Lastly, Hyperlaw, which comes out at £300 a year (£25 a month). I tried it out as part of a chambers-wide trial earlier this year, and wasn’t impressed. I liked its nested-email handling (and other intake), but spent too much time on its markup functions, which I didn’t like at all and which were near-useless for someone who spends a lot of time on an iPad.

So I’ve now given it a do-over, with a focus solely on bundling.

And… it’s pretty good. It sucks in nested emails quite happily, a big win. It appears to OCR stuff reasonably effectively. And it churns out usable bundles with a good deal of customisation of page numbers and tabbing.

I’m not entirely dancing for joy. Its interface, again, is horrible. Wholly unintuitive. It took me forever, even with the manual, to work out how to ensure documents were sorted in date order. Although it does a great job of detecting dates in documents, nine times out of ten it selects the wrong one, requiring one manually to tell it, for each document, which of several dates it’s extracted it should use. Overall, this is an awfully long way from being a pleasure to use.
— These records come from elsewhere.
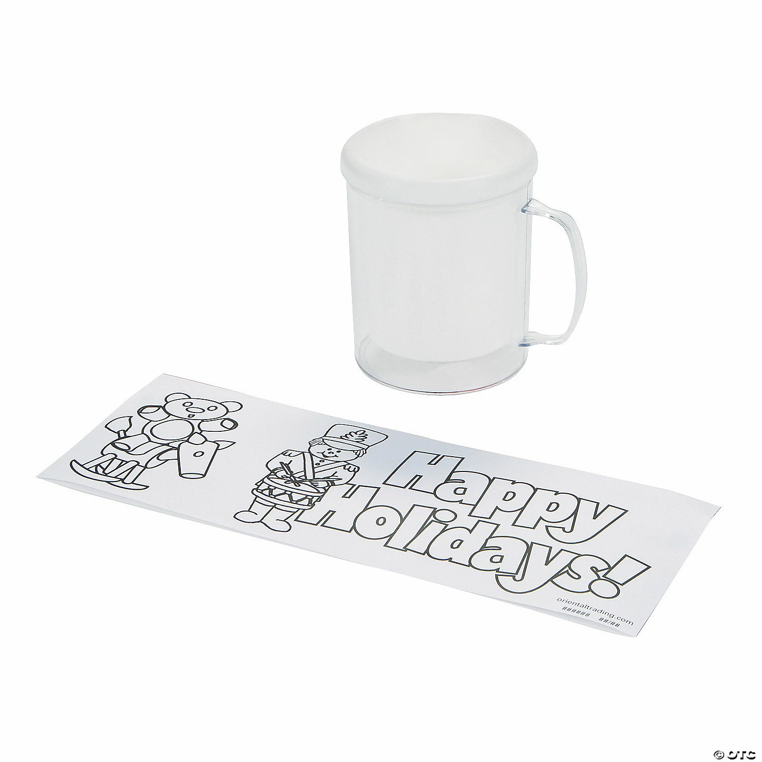 Color Your Own Holiday Mugs. Kids love adding their own creative color to these festive mugs! These cute coffee cups make a fun and easy art project for preschool or day care students. Each plastic mug includes 1 paper “Happy Holidays” insert. Pulls apart and snaps closed easily. A thoughtful Christmas gift for Mom or Dad! 8 oz. Remove insert before washing. ยฉ OTC
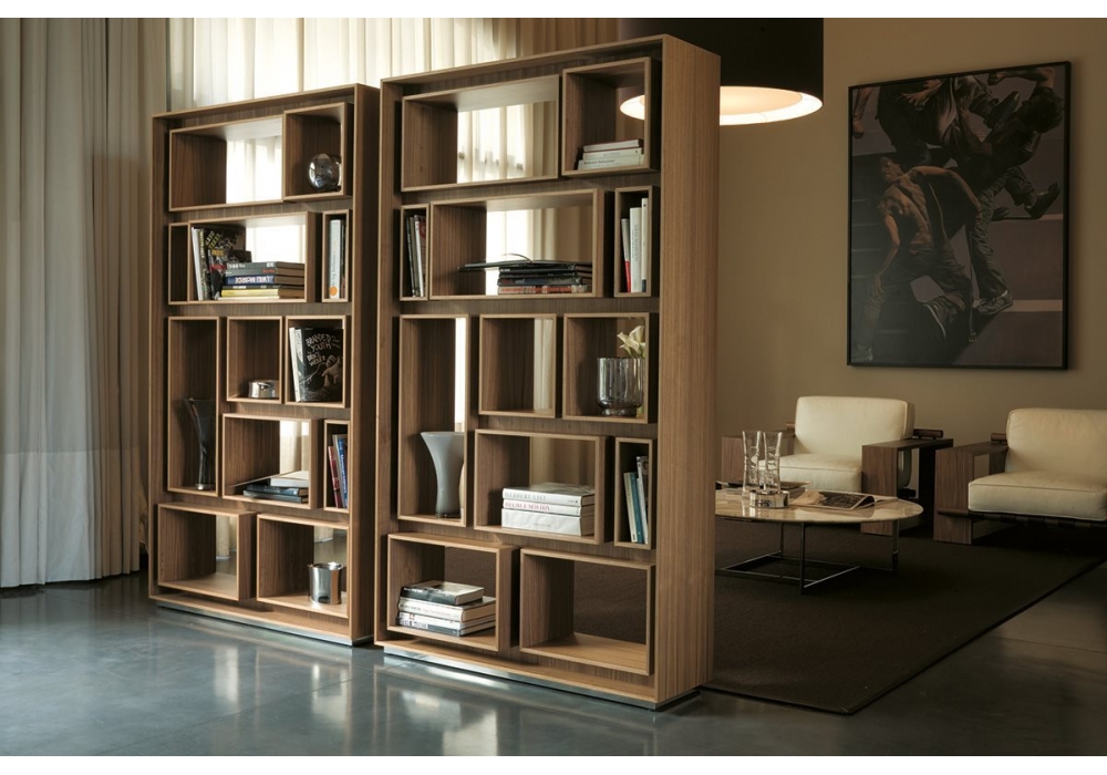 First diseñada por Gino Carollo para Porada es una libreria en nogal canaletta o roble spessart y base de metal en acabado de acero. Perfecta para ser combinada con la libreria Fancy.
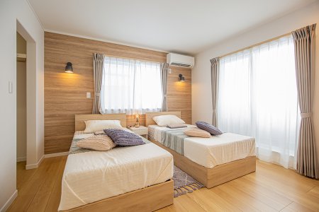 主寝室は一面に木目のクロスを採用。ダウンライトと間接照明で落ち着きのある雰囲気です。3帖のウォークインクロゼットはお洋服やお荷物の多い方でも安心の広さです。
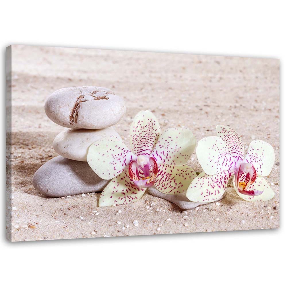 Bild auf Leinwand, Orchidee und Steine auf Sand

But it pulled in a whole bunch of documents, of varying types. It OCRed them. It enabled them to be split, ordered and bundled. It created (again, with a certain amount of fiddling) a workable hyperlinked contents page. (Although please, Hyperlaw – if you’ll allow me to use Bates page numbering, as a number of courts require, could you put that on the index as well? Thanks.) And I should be able to design a standard template into which to squirt documents, so that bundles come out as I want them to look.

The outcome

People, we have a winner.

Of course I don’t have my ideal scenario. I’d infinitely prefer something native, rather than a web service. And huge chunks of Hyperlaw are essentially useless to me, and it hurts to be paying for something I have no intention of using.

But is avoiding bundling pain worth £300 a year to me? I think it may be. I haven’t signed up yet. But I’m certainly well on the way to doing so.

That said, I’m sure I’ve missed options. Do tell. I’d like to make sure I’m doing the right thing. Let me know.

(*Footnote to the headline: It’s an old adage in British journalism that if a piece has a headline posing a yes-no question, the answer is almost always “no”. Mostly because if it wasn’t, and the piece was on solid ground, there wouldn’t have been any need to put in the question mark in the first place. It’s a bit like headlines with quote marks in – they mostly mean “we haven’t actually stood up this quote, and it might well be bollocks. But it’s a great top line, and we just want the clicks.” Sorry to have broken the rules there.)